In a military community: What is the liability of an advocate who maintains confidentiality for a victim, when a second person is victimized, and learns that the perpetrator was "known" to the command. Can the second victim claim that s/he had a right to the confidential information in order to protect herself?
1.  April C
 The DOD has revised its Military Response to Sexual Assault Victims program. It can be accessed at http:www.sapr.mil Included are links to the Army Prevention and Response Program and Navy Victim Intervention Program.
2.  Jessica
 Another resource re: victims and the military is The Miles Foundation, an advocacy organization that serves victims on issues relating to inter-personal violence and the military. They can be reached at P.O. Box 423, Newtown, CT 06470-0423Telephone: 203.270.7861email: Milesfdn@aol.com or milesfd@yahoo.com
3.  Doug Beloof
 This is a good question the answer to which requires more information and more research on my part. Mliitary has its own particular liability rules and is immune as a general rule from civil suit. Please contac ncvli.org go to ncvli.aid and the lawyers will seek the answer for you.
I'm a victim advocate and am seeing jurors now looking at the victim of a sex crime as they should be looking at the Defendant. It takes time getting case to Court, sometimes longer than usual, and jurors are blaming victim and acquitting defendants. Any suggestions for voir dire or opening statements for the ADA's?
1.  Doug Beloof
 Well if DA's arenn't engaging the victims in the debate about cultural biases against rape victims in voir dire they are not doing their job. My guess is that the Nat'l College of District Attorneys in Columbia S.C. has training materials on exactly this issue, if they do not I'm sure they can get them for you from elsewhere.
Dr. Beloof, are there any states / models we can look to that allow standing for direct victim representation in a criminal prosecution ?
1.  Doug Beloof
 Yes , there are. The new federal statute provides victims standing. For a complete explanation of this I have just authored a law review article on victims standing, which examines this in all jurisdictions in depth. For a copy go to ncvli.or then ncvliaid and request it.
I am an on-call victim advocate for a crisis center in Lincoln, NE. When I respond to a sexual assault call at the hospital, the Sexual Assault Nurse Examiner always asks me to sign as witness to consent for the exam. I'm a little concerned about signing, re: confidentiality. What is the correct protocol for this?
1.  Doug Beloof
 Like you I think a better practice would be to have a member of the hospital staff sign the consent. Your name on such a form simply expands the possibilities that you will be subpoenaed as a witness at trial.

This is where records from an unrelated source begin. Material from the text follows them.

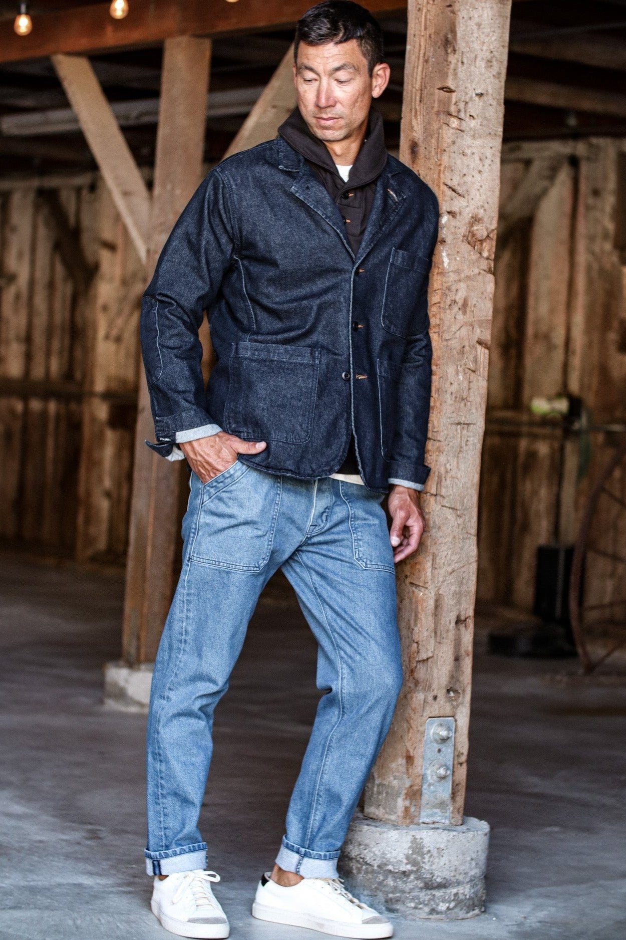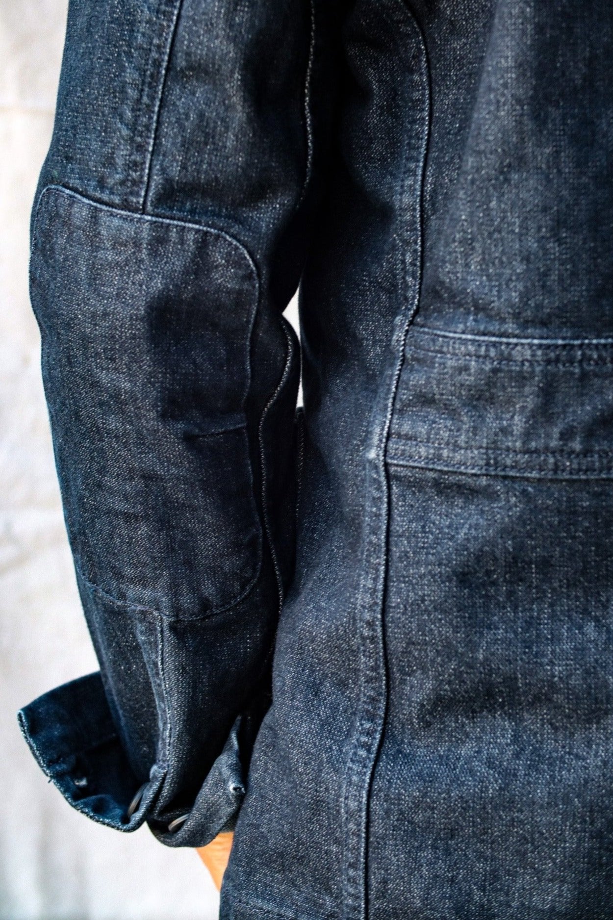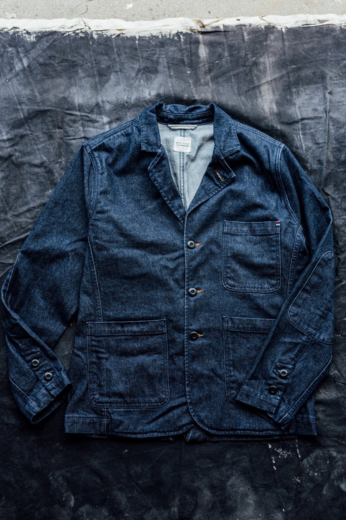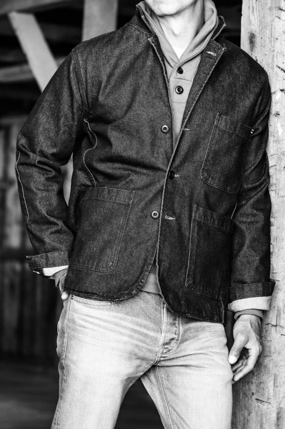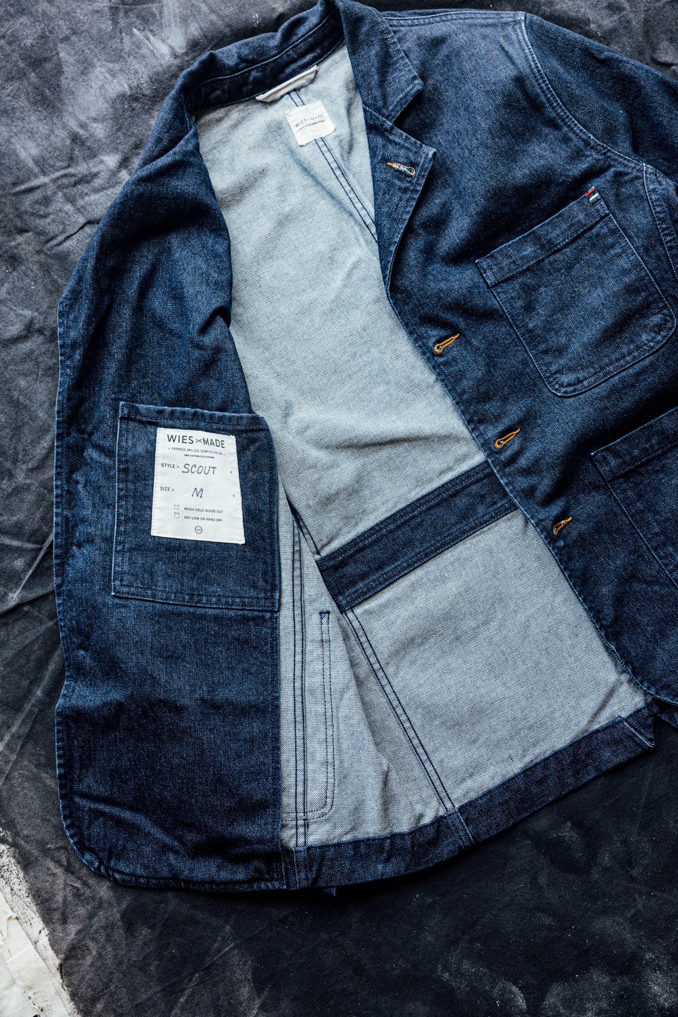 Crafted with premium natural fiber, our 13oz our stretch denim is no lightweight. Woven, dyed and finished by Mount Vernon Mills in Georgia. Premium combed and ringspun American cotton blended with 2% spandex for give and flexibility.Woven tight for long wearing durability and a more flattering fit. The buttons for our chore blazer are made in Connecticut. Cut and sewn in our family-run shop in Los Angeles, California.
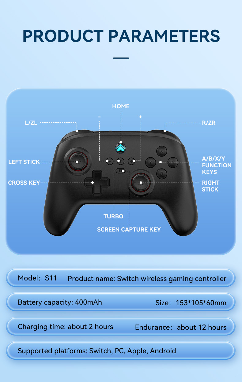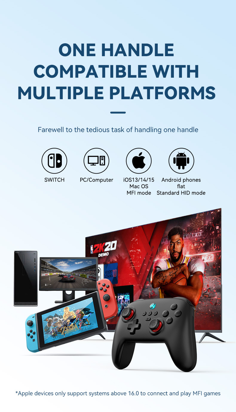 Interruptor nuevo mango de juego Bluetooth inalámbrico con vibración de despertador de seis ejes sentido del cuerpo pelo continuo manija del teléfono móvil de la computadora
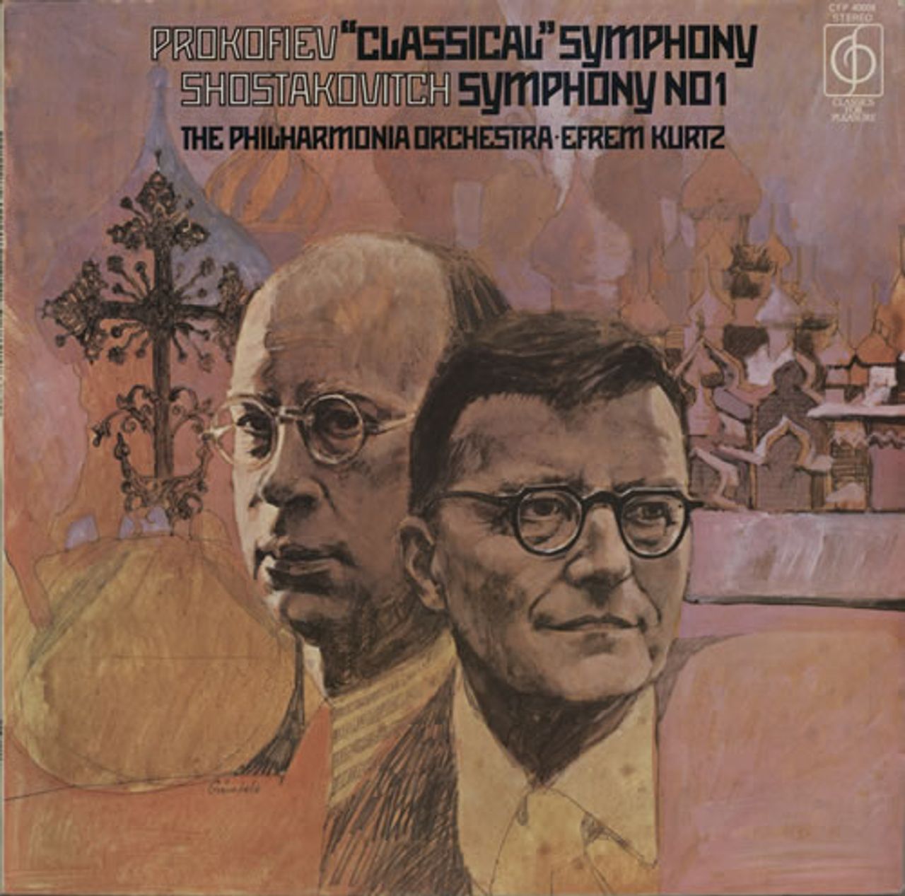 THE PHILHARMONIA ORCHESTRA conducted by EFREM KURTZ Prokofiev: 'Classical' Symphony / Shostakovitch: Symphony No. 1 (1972 UK stereo LP issue of the 1958 recording, front laminated picture sleeve. The sleeve shows just a spot of paper scuffing& the vinyl is near mint CFP40004)

In your opinion, what can be done to raise awareness of, and increase advocacy concerning, marital rape/sexual assault? Also, what do you see as being the the biggest barriers to societal recognition of martial rape/sexual assult as a serious issue and one that needs to be addressed?
1.  Doug Beloof
 Second question first, the biggest barrier is sexism in the culture, vestiges of laws making women the property of their husbands, and the failure to create any kind of educational effort that reaches middle school and high school students. First question, I think there needs to be a new commitment nationally to sexual assault issues. Unfortunately I think the impression among many is that rape shield laws and rape reform solved all the problems. This is not the case, many such laws remain hopelessly flawed. Really what is needed is a vigouous ntionally coordinated effort to invigorate new more advance reforms.